## What you need to do
Beginning at the first line of the material, output each line exactly until you reach and include the line containing "체크무늬 서스펜더 스커트+가디건". Leave every picture out.

## Data for review
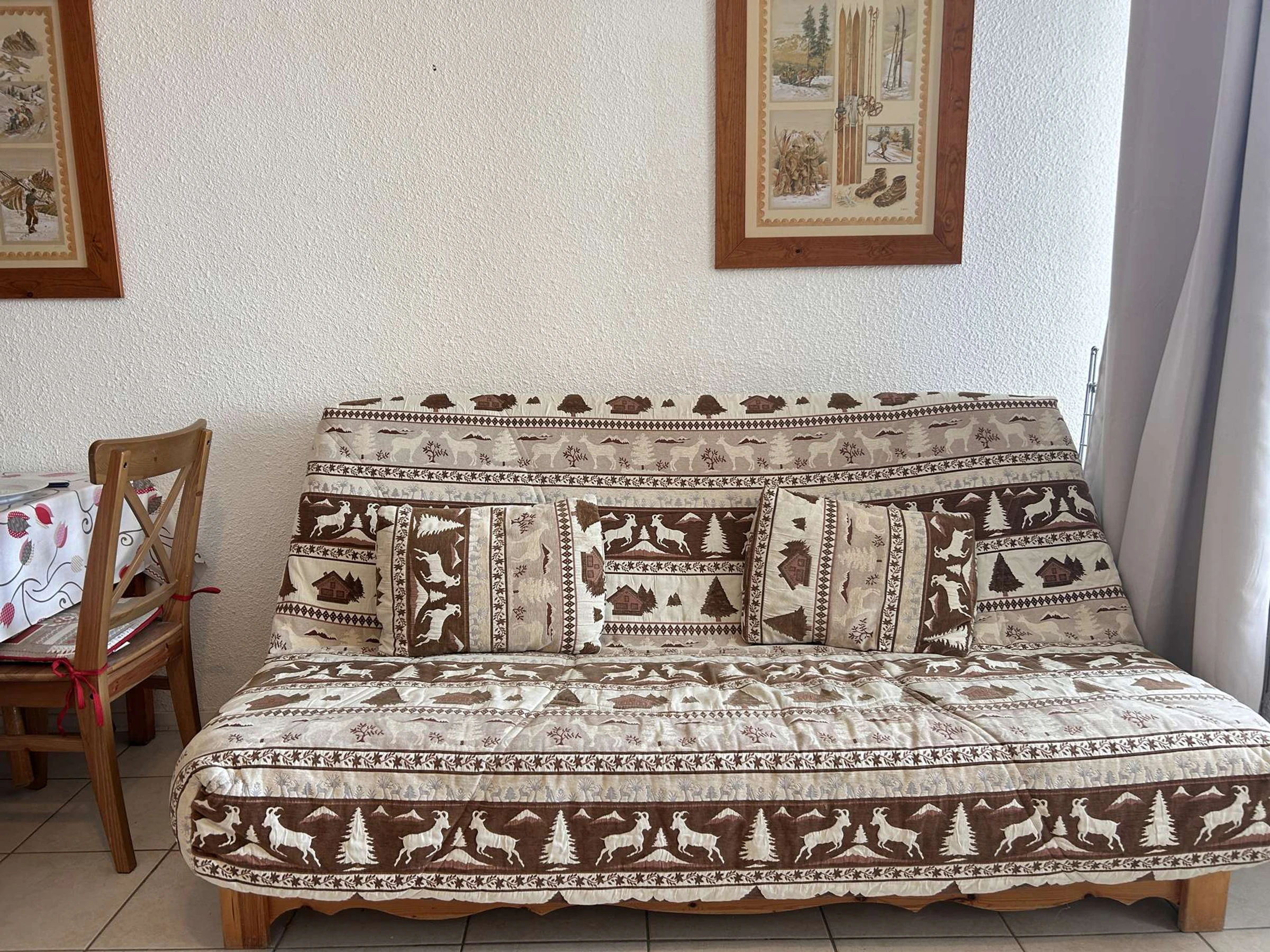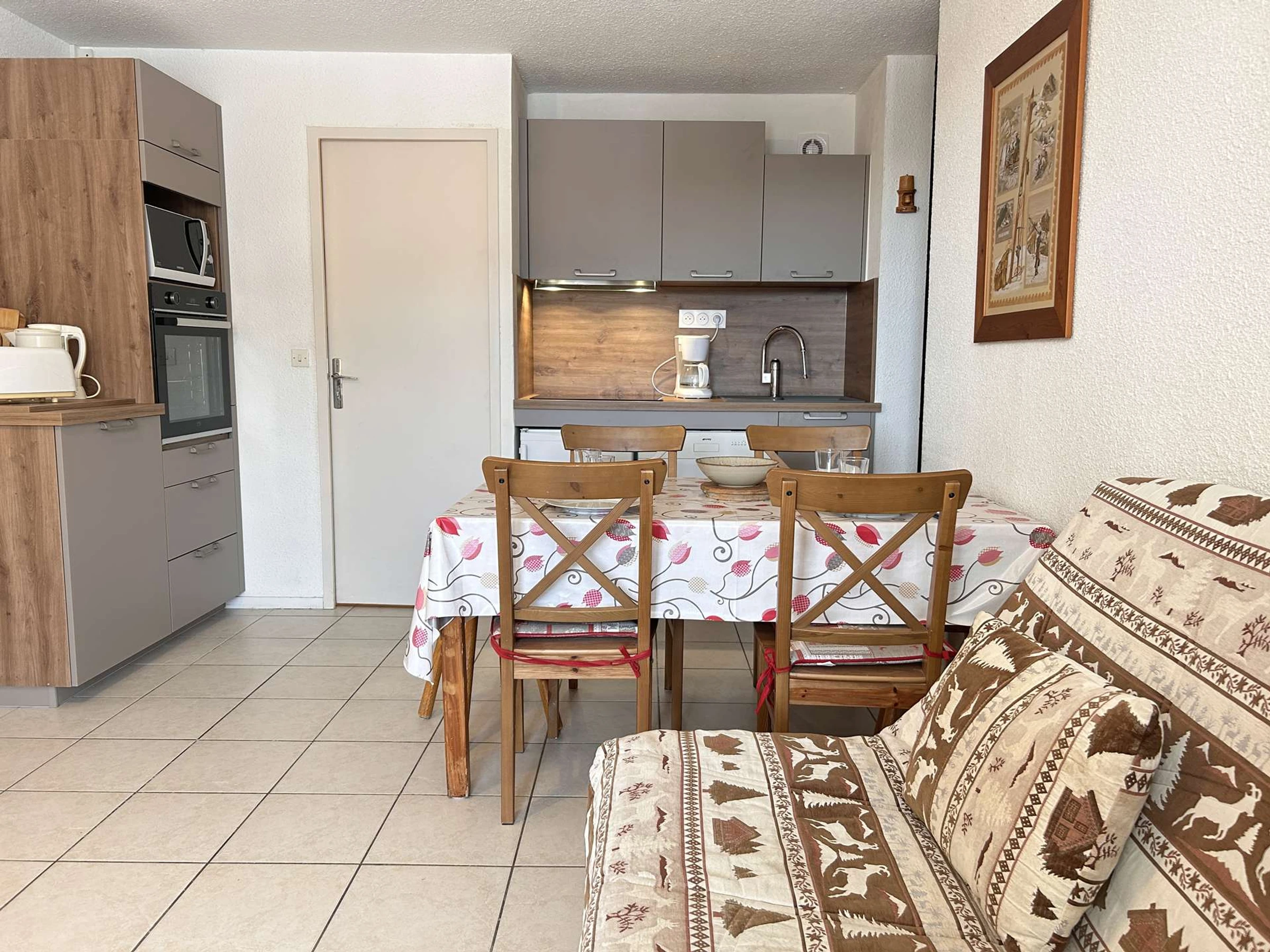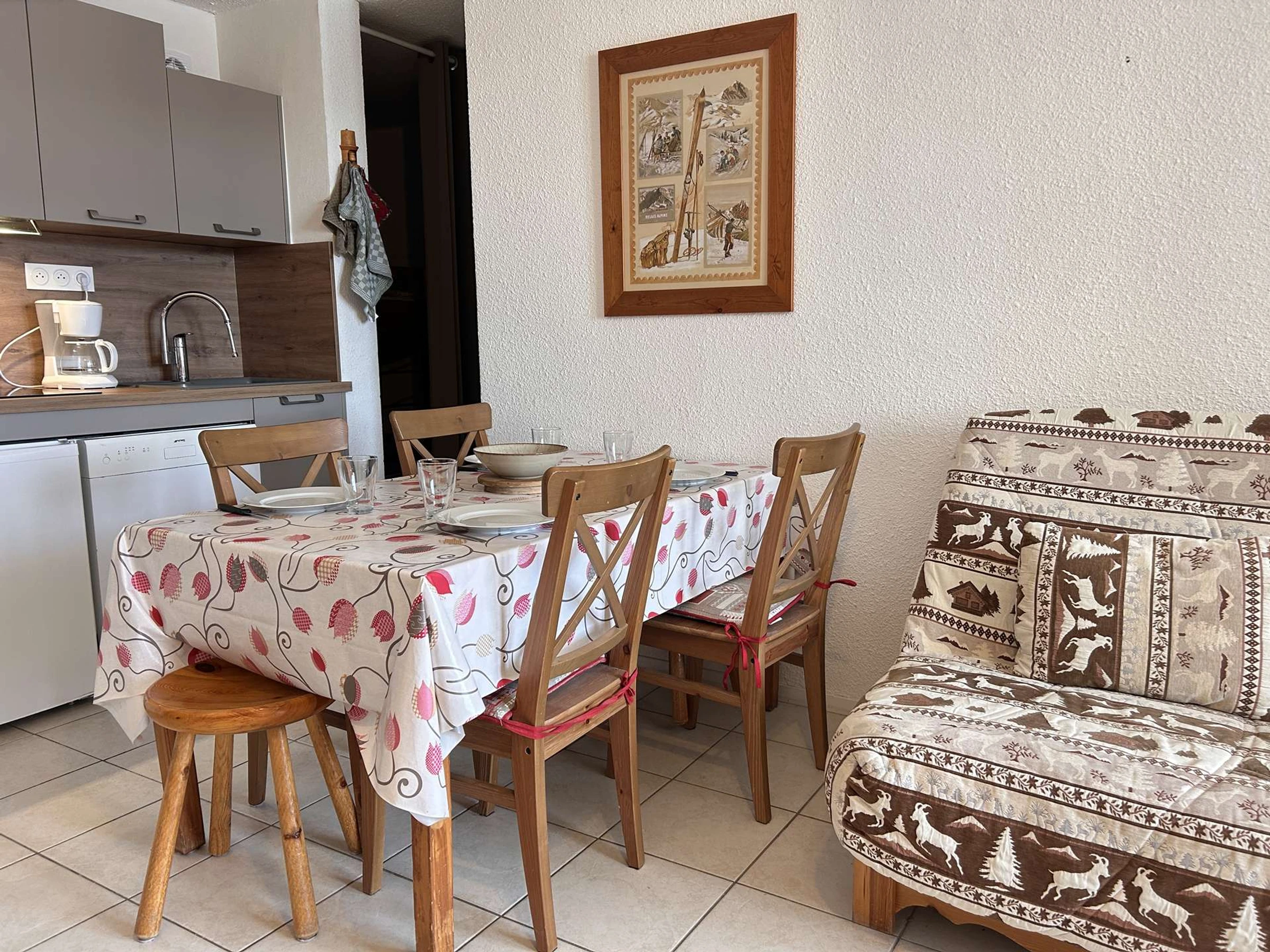 Located in the eastern sector of the resort, this vacation rental, on the 4th floor with elevator, features a sofa bed in the living room, a bedroom with a double bed (140 cm), and two bunk beds in a mountain corner.
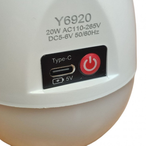 Светодиодная лампочка с аккумулятором автономная аварийная лампа 20W E27 3 режима свечения Y6920 с Type C
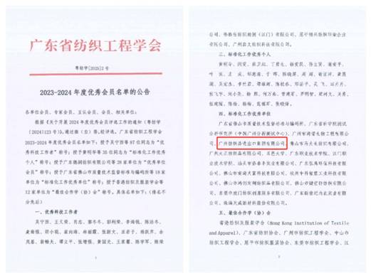 廣州紡織品進出口集團有限公司(以下簡稱“紡出公司”)在2024年廣東省紡織工程學會開展的2023-2024年度優(yōu)秀會員評選活動中,榮獲“標準化工作優(yōu)秀單位”稱號。關(guān)勇獲評為“標準化工作優(yōu)秀個人”,張菁、陳繼成、孫立大和高新武獲評為“優(yōu)秀科技工作者”。這一榮譽是對公司團隊專業(yè)能力和敬業(yè)精神的高度贊揚,也是激勵每一位員工繼續(xù)秉承匠心精神,不斷探索與實踐,為紡織行業(yè)的進步貢獻更多力量的巨大動力。
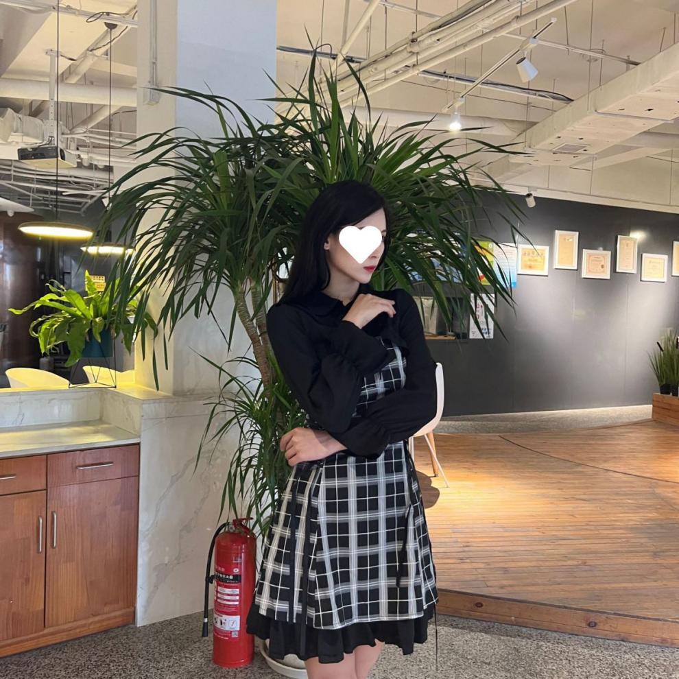 • 블랙 체크무늬 서스펜더 스커트+가디건
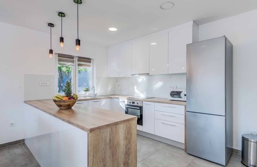 Villa Great Escapeis designed to maximize its picturesque surroundings. Floor-to-ceiling windows invite natural light into every corner of the home, while the use of natural materials and pastel colours inside pay tribute to its beautiful setting. From the sun-drenched terrace, you can retreat to a cosy sofa area, perfect for reading your favourite book or enjoying an afternoon nap. It's easy to feel like you'll never want to leave thishaven. The inviting waters of the private pool enhance the serene atmosphere, with plush sun loungers providing the perfect spot to bask in the Croatian sunshine. For evening relaxation, there's an alfresco dining area and a brick-built barbecue where you can enjoy dinner while watching the sunset and listening to the local fauna settle down for the night.
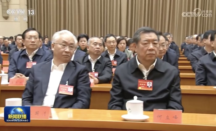 2025年4月的一次党内高层会议上,副总理何立峰(右)落座于本该属于何卫东的位置。
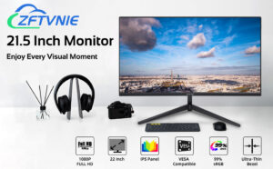 PC Monitor 21.5-Inch Full HD Monitor 1920 x 1080P IPS Computer Screen, Frameless, 75Hz, 5ms, VGA & HDMI Ports, Computer Monitor for Laptop/Xbox/PS3/PS4, ZFTVNIE
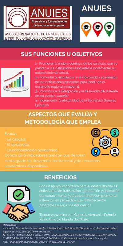 ReferenciasAsociación Nacional de Universidades e Instituciones de Educación Superior. (s. f.). Recuperado 26 de agosto de 2023, de http://www.anuies.mx/ No.91; LOS PROCESOS DE EVALUACIÓN y ACREDITACIÓN DE LAS INSTITUCIONES DE EDUCACIÓN SUPERIOR EN MÉXICO EN LOS ULTIMOS AÑOS. (s. f.). Recuperado 26 de agosto de 2023, de http://publicaciones.anuies.mx/acervo/revsup/res091/txt1.htm
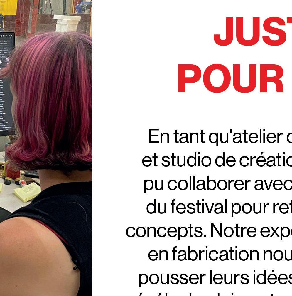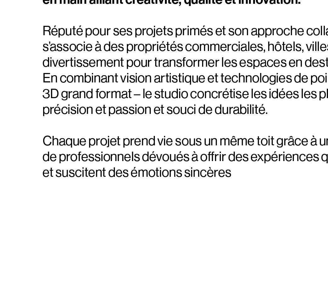 Imaginez 14 départements spécialisés bourdonnant d’énergie, chacun formant un univers à part entière. Ici, notre équipe diversifiée d’artisans transforme des idées audacieuses en réalités époustouflantes, de la conception à la création, le tout sous un même toit.
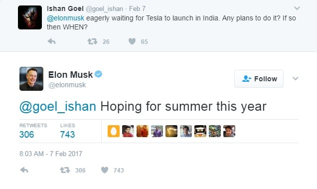 In February this year, in a recent Twitter conversation, Tesla CEO Elon Musk stated that he is hoping to bring the brand to India by the summer of 2017. Tesla is currently active in many international markets including China. The electric car market in India is still in a very nascent stage with the Mahindra e2o and the eVerito being the only offerings. Tesla might also be looking to invest in battery manufacturing and car manufacturing plants in India. However, in his latest reply to a tweet asking him about Tesla’s launch in India, he has hinted there might be a delay.

## Solution to this task
 Located in the eastern sector of the resort, this vacation rental, on the 4th floor with elevator, features a sofa bed in the living room, a bedroom with a double bed (140 cm), and two bunk beds in a mountain corner.
 Светодиодная лампочка с аккумулятором автономная аварийная лампа 20W E27 3 режима свечения Y6920 с Type C
 廣州紡織品進出口集團有限公司(以下簡稱“紡出公司”)在2024年廣東省紡織工程學會開展的2023-2024年度優(yōu)秀會員評選活動中,榮獲“標準化工作優(yōu)秀單位”稱號。關(guān)勇獲評為“標準化工作優(yōu)秀個人”,張菁、陳繼成、孫立大和高新武獲評為“優(yōu)秀科技工作者”。這一榮譽是對公司團隊專業(yè)能力和敬業(yè)精神的高度贊揚,也是激勵每一位員工繼續(xù)秉承匠心精神,不斷探索與實踐,為紡織行業(yè)的進步貢獻更多力量的巨大動力。
 • 블랙 체크무늬 서스펜더 스커트+가디건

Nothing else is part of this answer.